Where the show was lacking was in the pleasure. I confess that watching it was sometimes a slog: there’s nearly no levity at all (I think only two scenes where anyone smiled or had humour?) and so over all seven episodes it was just this relentlessly serious doom-and-gloom story, and thank you but I have my newsfeed for that.

So my overall take is that this leaned too much towards message-delivery vs. art, with the consequence that we saw some of the flattening we were talking about earlier. I wonder if the creators of the show thought that would make it more palatable to their target audience?

I don’t know, maybe this isn’t actually true anymore, but I want to hold onto a belief that people will always want good stories to lose themselves in: that we’re narrative beings (we’re homo sapiens but we’re also homo fictus) and something in us longs to be told a good story.

So even though this show disappointed me on some levels, I want to affirm that more stories like this make it to our screens!
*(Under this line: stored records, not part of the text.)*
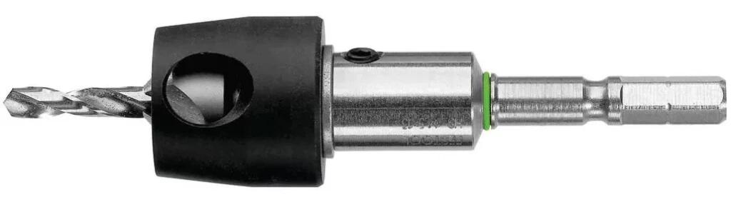 Butée de profondeur réglable avec foret interchangeable. Pour assemblages vissés dans le bois, l’acrylique, l’aluminium ou les matériaux minéraux.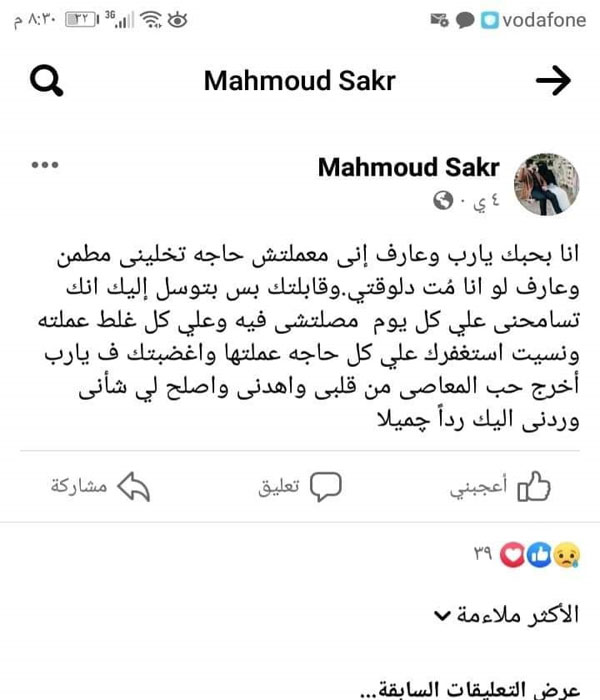 وكان آخر منشور له على موقع التواصل الاجتماعي “انا بحبك يارب وعارف إنى معملتش حاجه تخلينى مطمن، وعارف لو انا مُت دلوقتي وقابلتك بس بتوسل إليك انك تسامحنى علي كل يوم مصلتشى فيه وعلى كل غلط عملته، ونسيت استغفرك علي كل حاجه عملتها واغضبتك ف يارب أخرج حب المعاصى من قلبى، واهدنى واصلح لي شأنى وردنى اليك رداً جميلا”.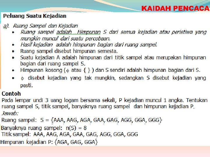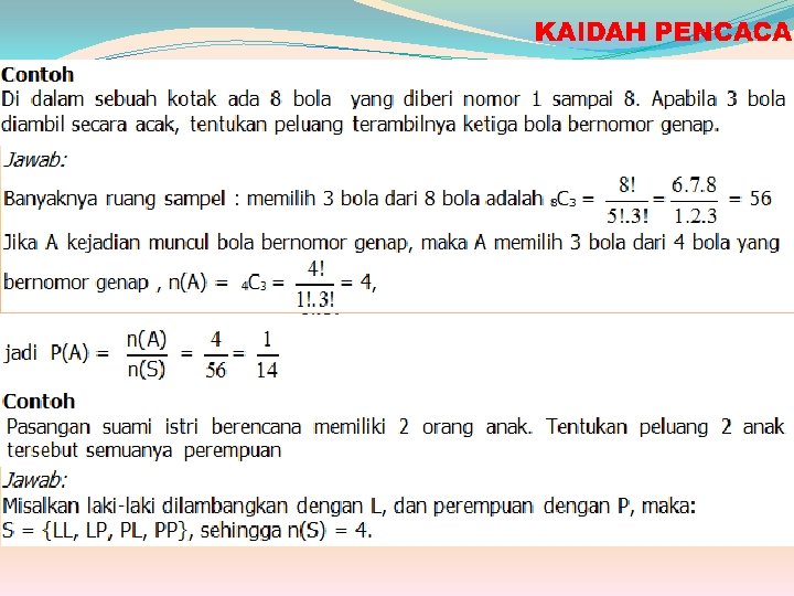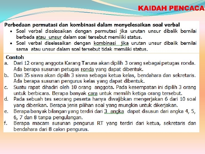 KAIDAH PENCACAHAN, PERMUTASI DAN KOMBINASI MELIPUTI : 1. Aturan Perkalian 2. Permutasi 3. Kombinasi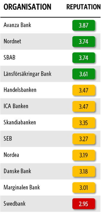 — Vi vet dessutom att den svenska allmänheten är mycket känslig för skiftningar i anseende. Svenska konsumenter tenderar i högre utsträckning att ge sitt stöd till organisationer med högt anseende än konsumenter i jämförbara länder. På motsvararande sätt är svenska konsumenter mer benägna att straffa företag med svagt anseende. Det återspeglas inom svensk banksektor där anseende och förtroende är nyckelfaktorer för att driva konkurrenskraft, kommenterar Alexander Widén.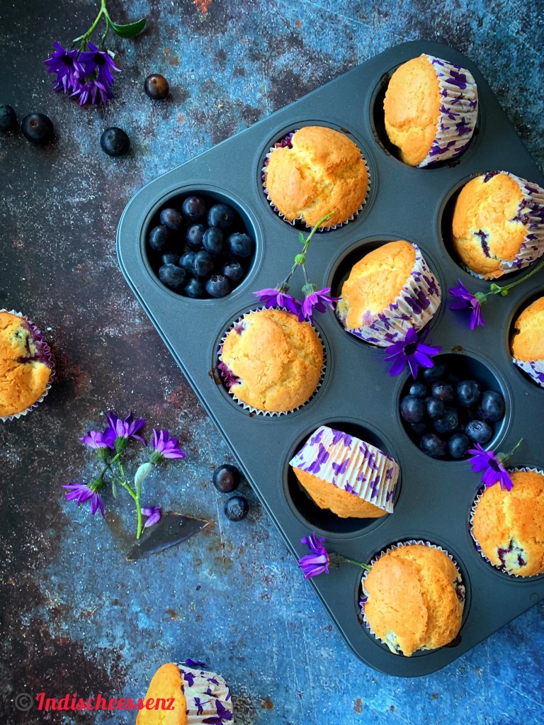 Überprüfen Sie mit einem Zahnstocher, der in die Mitte des Muffins gesteckt wird, der mit Krümel herauskommt, nicht mit Teig. Sobald der Muffin fertig ist, abkühlen lassen.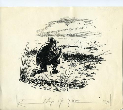 Tekening in zwart-wit van een jager door Jack K., 1954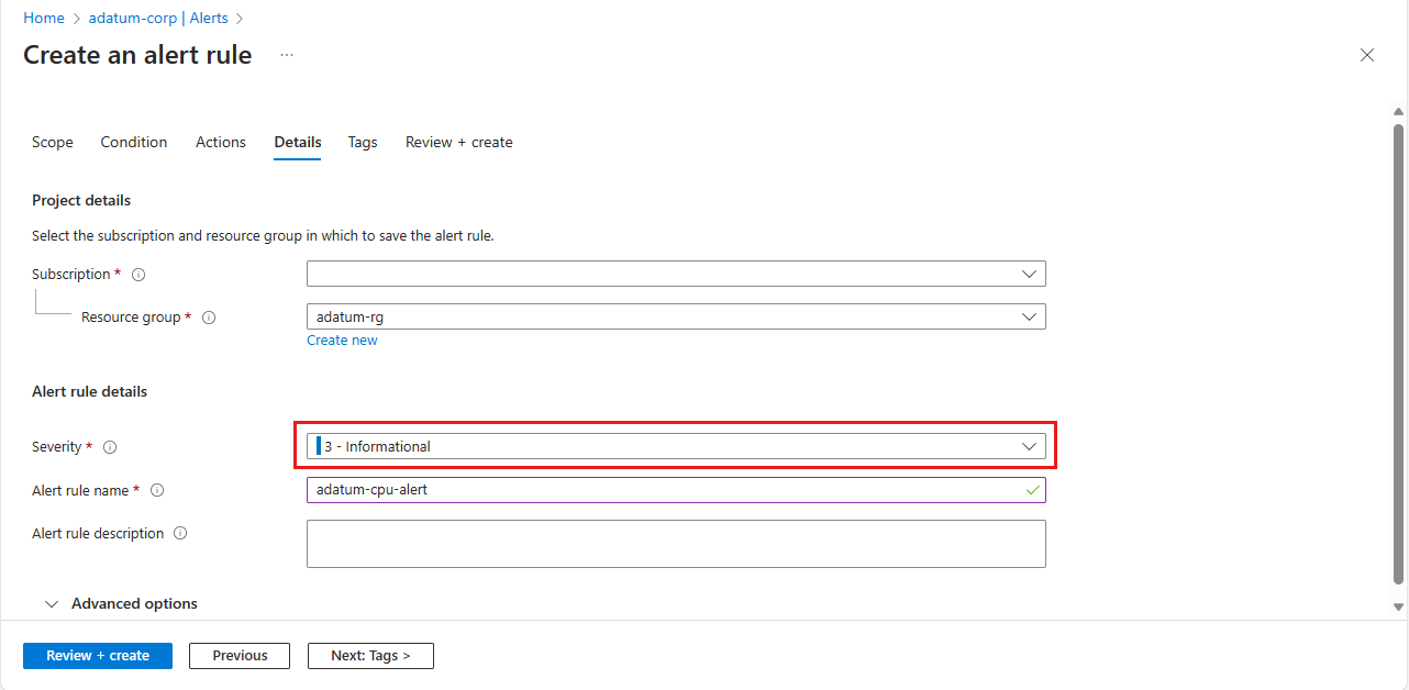 Wählen Sie die Registerkarte Details aus, legen Sie Schweregrad fest, und nehmen Sie alle anderen erforderlichen Änderungen vor.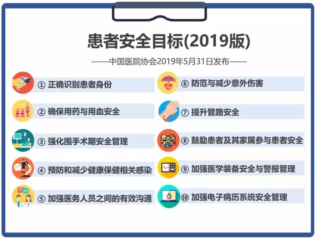 据悉,患者安全目标是倡导和推动患者安全活动最有效的方式之一,是绝大多数国家的通行做法,中国医院协会从2006年起连续发布《患者安全目标》。从2019年9月17日起,每年9月17日被命名为世界患者安全日。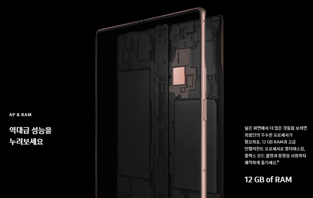 전체적인 크기를 살펴보면 접었을 때는 159.2 x 68.0 x 13.8~16.8mm이고, 펼치면 159.2 x 128.2 x 6.0~6.9mm의 크기를 자랑합니다. 무게는 282g입니다. 갤럭시 노트20의 무게가 192g, 노트20 울트라는 208g 임을 생각한다면 폴드2의 무게는 꾀나 무거운 편이라 할 수 있습니다.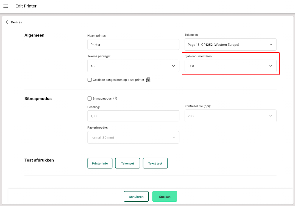 5. Selecteer een sjabloon. Voer indien nodig een testafdruk uit onder "Test afdrukken" om de printerverbinding te controleren. Klik vervolgens op "Opslaan".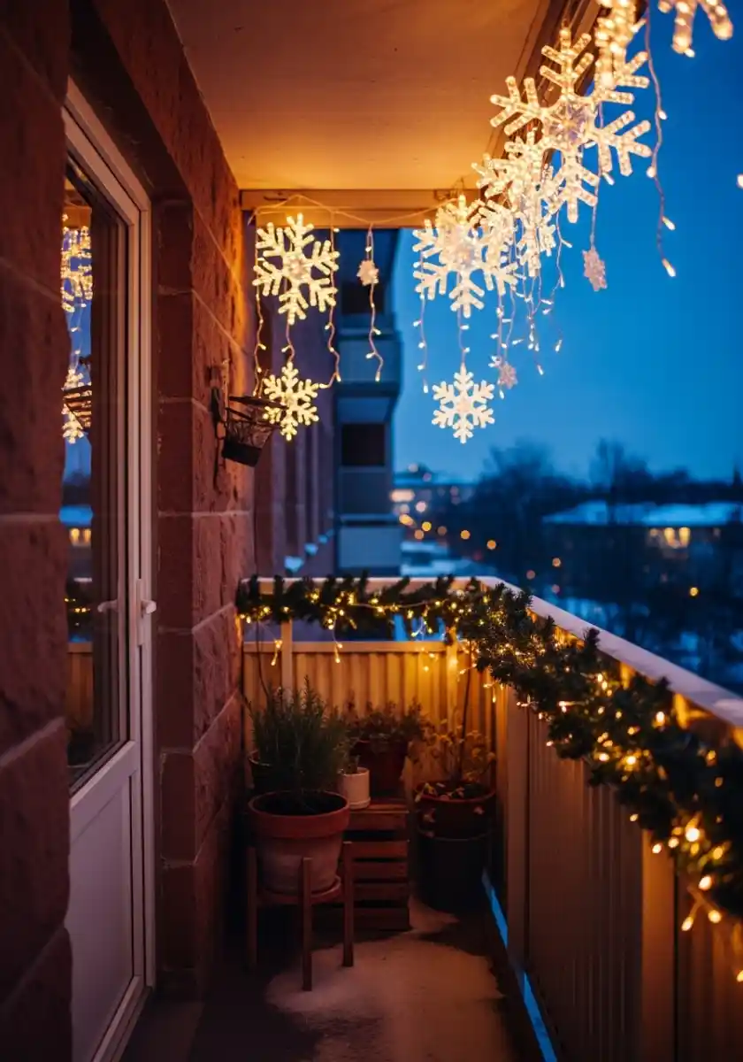 A slim city balcony can still feel enchanted. Hang warm icicle lights shaped like snowflakes from the ceiling at staggered drops. Wrap a thick evergreen garland around the railing and lace it with golden fairy lights. The mix of vertical and horizontal light gives depth.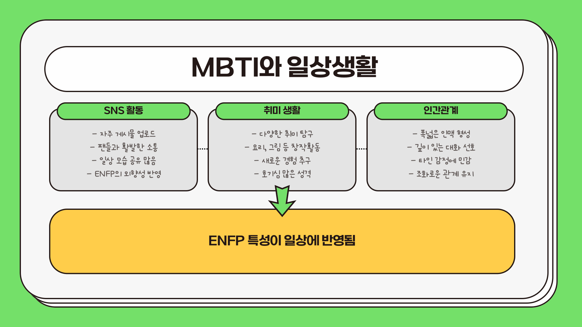 실제로 MBTI를 활용해 사람들과의 관계를 개선하거나, 자신과 잘 맞는 직업을 찾아보는 것도 좋은 시도입니다.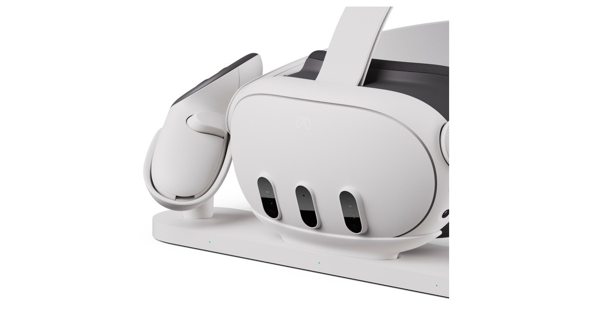 Mit der kabellosen All-in-One-Ladestation für das Headset und die Controller von Meta Quest 3 ist man immer spielbereit. Sie beinhaltet leistungsstarke, wiederaufladbare Lithium-Ionen-Batterien für die Controller, sodass man das Headset und die Controller zum kabellosen Laden einfach nur einlegen braucht. Während des Ladevorgangs bewahrt die Station die Geräte attraktiv und griffbereit auf. Die LED-Leuchten zeigen gut sichtbar an, wann das Headset und die Controller wieder vollständig aufgeladen und einsatzbereit sind.Art.-Nr.: 100018270

I think there’s a hunger out there for quality fantasy and we so rarely get it. So here’s to hoping they get a second season, and that they find their stride and make something magical.

Radix: Two cheers to that! Thank you for your always timely and nuanced thoughts.


Works Cited:
Lawhead, Stephen R. Taliesin. Avon Books, 1987.
Lewis, C.S. Miracles. HarperCollins, 1947.
Lewis, C.S. “Myth Became Fact.” Edited by Walter Hooper. God in the Dock: Essays on Theology and Ethics. Eerdmans, 1970.